On 6 June 1994, Cameroon filed in the
Registry an Additional Application “for the purpose of extending the subject of
the dispute” to a further dispute described as relating essentially “to the
question of sovereignty over part of the territory of Cameroon in the area of
Lake Chad”. While also requesting the Court to specify definitively, the
frontier between Cameroon and Nigeria from Lake Chad to the sea. That
Application was treated as an amendment to the initial Application. After
Nigeria had raised certain preliminary objections, Cameroon presented, on 1 May
1996, a written statement of its observations and submissions relating thereto,
in accordance with an Order of the President dated 10 January 1996.
Moreover, on 12 February, 1996,
Cameroon, referring to the “grave incidents which [had] taken place between the
. . . forces [of the Parties] in the Bakassi Peninsula since . . . 3 February
1996”, asked the Court to indicate provisional measures. By an Order dated 15
March 1996, the Court indicated a number of provisional measures aimed
principally at putting an end to the hostilities. By its Judgment of 11 June
1998, it decided on the preliminary objections of parties. In October 1998,
Nicaragua initiated a request for the interpretation of this judgement, which
was rejected by the Court.
On 30 June 1999, the Republic of
Equatorial Guinea filed an Application for permission to intervene in the case
(which the Court allowed). In its Judgment of 10 October 2002, the Court
determined the course of the boundary, between Cameroon and Nigeria. In its
Judgment the Court requested Nigeria, expeditiously and without condition, to
withdraw its administration and military or police forces from the area of Lake
Chad falling within Cameroonian sovereignty and from the Bakassi Peninsula. It
also requested Cameroon expeditiously and without condition to withdraw any
administration or military or police forces which might be present along the
land boundary from Lake Chad to the Bakassi Peninsula on territories which,
pursuant to the Judgment, fell within the sovereignty of Nigeria. The latter
had the same obligation in regard to territories in that area which fell within
the sovereignty of Cameroon. The Court took note of Cameroon’s undertaking,
given at the hearings, to “continue to afford protection to Nigerians living in
the [Bakassi] peninsula and in the Lake Chad area”. Finally, the Court rejected
Cameroon’s submissions regarding the State responsibility of Nigeria, as well
as Nigeria’s counter-claims.
Lastly on territorial sovereignty, In
regards to the importance of territorial
sovereignty in International law we tend to have a look at another
boundary dispute between Botswana and Namibia which was heard in Peace Palace,
Hague.
On 29 May 1996, the Government of
Botswana and the Government of Namibia by joint agreement submitted to the
Court of the dispute concerning the boundary around Kasikili/Sedudu Island and
the legal status of that island.
In its Judgment of 13 December 1999,
the Court began by stating that the island in question, which in Namibia is
known as “Kasikili”, and in Botswana as “Sedudu”, is approximately 3.5 sq km in
area, that it is located in the Chobe River, which divides around it to the north
and south, and that it is subject to flooding of several months’ duration,
beginning around March. It briefly outlined the historical context of the
dispute, then examined the text of the 1890 Treaty, which, in respect of the
region concerned, located the dividing line between the spheres of influence of
Great Britain and Germany in the “main channel” of the River Chobe. In the
Court’s opinion, the real dispute between the Parties concerned the location of
that main channel, Botswana contending that it was the channel running north of
Kasikili/Sedudu Island and Namibia the channel running south of the island.
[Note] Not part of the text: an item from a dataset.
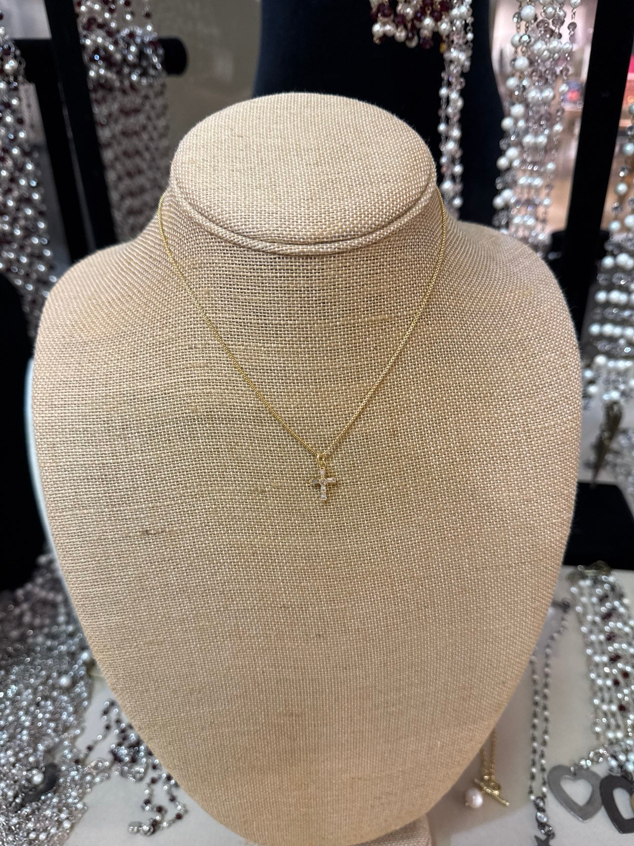 This is one of those simple pieces that feels special every time you put it on. The delicate gold cross is accented with tiny crystals that catch the light just enough without feeling flashy. It’s meaningful, pretty, and easy to wear every single day — whether you’re dressed up or just in a tee and jeans.
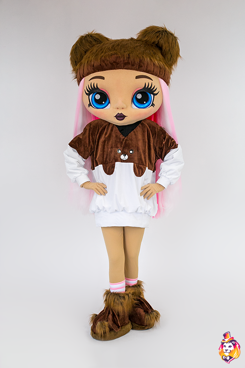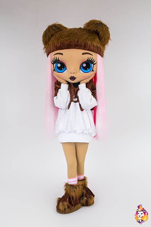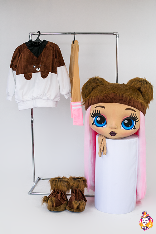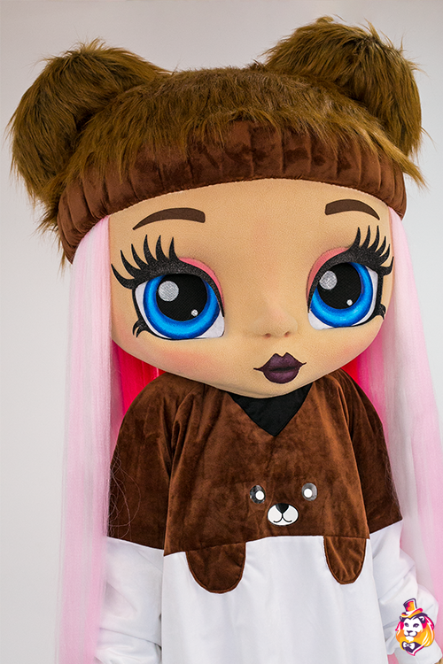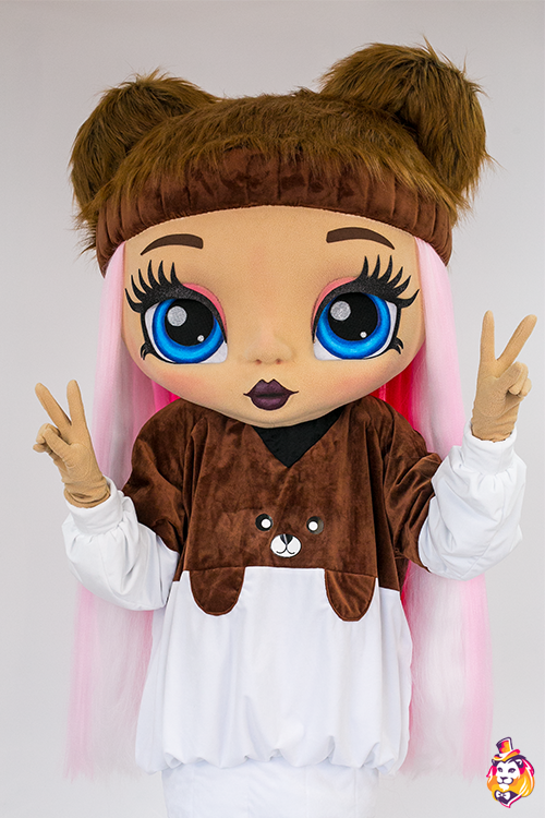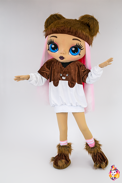 - Package content Doll Fanny Mascot Costume is a memorable character who will delight the public at events and promotions. Our mascots attract attention from afar, people always want to take pictures with them and share photos with friends. Animators, advertising agencies and other companies choose our mascots for convenience in work and high-quality of costumes. On our production Carnival Mascot it is convenient to order and buy any mascot costume, all the ideas of the customer will be fulfilled. We produce branded mascots in branded colors with a logo and symbols. At the request of the customer, we can add animatronics - the mascot will be as alive and will be able, for example, to wink and open its mouth. Our products are made of modern eco friendly materials, durable and convenient to use. There may be slight differences from the image, since each product is made individually! This product requires permission from the copyright holder. Package contents: Head - 3D mask on a foam frame, covered with fleece, mesh eyes, viewing area in the eyes, hair made of kanekalon. Body - biflex animator pants, a velvet hoodie, a pair of gloves, a pair of shoes (foam frame covered with fabric, with polyurethane soles).

Since the Treaty did not define the notion of “main channel”, the Court itself
proceeded to determine which was the main channel of the Chobe River around the
Island. In order to do so, it took into consideration, inter alia, the depth
and the width of the channel, the flow (i.e., the volume of water carried), the
bed profile configuration and the navigability of the channel. After
considering the figures submitted by the Parties, as well as surveys carried
out on the ground at different periods, the Court concluded that “the northern
channel of the River Chobe around Kasikili/Sedudu Island must be regarded as
its main channel”.
Having invoked the object and purpose
of the 1890 Treaty and its travaux préparatoires, the Court examined at
length the subsequent practice of the parties to the Treaty. The Court found
that that practice did not result in any agreement between them regarding the
interpretation of the Treaty or the application of its provisions. The Court
further stated that it could not draw conclusions from the cartographic
material “in view of the absence of any map officially reflecting the
intentions of the parties to the 1890 Treaty” and in the light of “the
uncertainty and inconsistency” of the maps submitted by the Parties to the
dispute. It finally considered Namibia’s alternative argument that it and its
predecessors had prescriptive titles to Kasikili/Sedudu Island by virtue of the
exercise of sovereign jurisdiction over it since the beginning of the century,
with the full knowledge and acceptance of the authorities of Botswana and its
predecessors.
The Court found that, while the
Masubia of the Caprivi Strip (territory belonging to Namibia) did indeed use
the island for many years, they did so intermittently, according to the seasons
and for exclusively agricultural purposes, without it being established that
they occupied the island à titre de souverain, i.e., that they were
exercising functions of State authority there on behalf of the Caprivi
authorities. The Court, therefore, rejected that argument. After concluding
that the boundary between Botswana and Namibia around Kasikili/Sedudu Island
followed the line of deepest soundings in the northern channel of the Chobe and
that the island formed part of the territory of Botswana, the Court recalled
that, under the terms of an agreement concluded in May 1992 (the “Kasane
Communiqué”), the Parties had undertaken to one another that there should be
unimpeded navigation for craft of their nationals and flags in the channels
around the Island.
Sovereignty in international law
cannot be over emphasized. It must be respected in order to foster peace among
neighboring states and ensure the rule of law is protected stricto senso.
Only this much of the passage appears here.